◆ DATA SECTION:
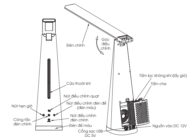 4. Nhấn và giữ phím đèn chính sẽ nhấp nháy 2 lần, xác nhận bộ hẹn giờ đã mở. Sau 40 phút đèn chính sẽ tự tắt. Lưu ý quạt và đèn nền ở đế không tự tắt.
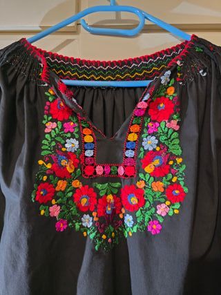 Blusa artesanal de la marca Muzungu Sisters con un vibrante bordado floral. Precio nuevo 240 Euros - Diseño de cuello en V con detalles de smock. - Mangas cortas con borde de encaje rojo. - Elaborado bordado multicolor en el pecho. - Acabado con encaje rojo en los puños.
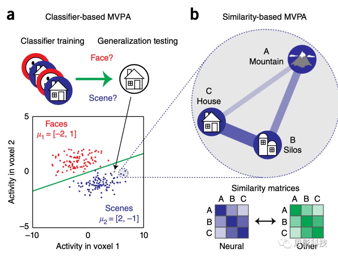 (a) 基于分類器的MVPA學(xué)習(xí)一個(gè)邊界,該邊界可區(qū)分與不同認(rèn)知狀態(tài)(例如,面部表情與場景表情)相關(guān)的fMRI模式。
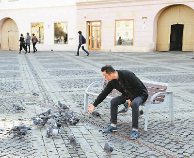 中国游客在罗马尼亚锡比乌广场休闲。 |

◆ WHAT IS EXPECTED: Restate word for word only the lines from the one with "Blusa artesanal de" through the last line of the material, both included. Any picture should be left out.

◆ SOLUTION FOR THIS EXERCISE:
 Blusa artesanal de la marca Muzungu Sisters con un vibrante bordado floral. Precio nuevo 240 Euros - Diseño de cuello en V con detalles de smock. - Mangas cortas con borde de encaje rojo. - Elaborado bordado multicolor en el pecho. - Acabado con encaje rojo en los puños.
 (a) 基于分類器的MVPA學(xué)習(xí)一個(gè)邊界,該邊界可區(qū)分與不同認(rèn)知狀態(tài)(例如,面部表情與場景表情)相關(guān)的fMRI模式。
 中国游客在罗马尼亚锡比乌广场休闲。 |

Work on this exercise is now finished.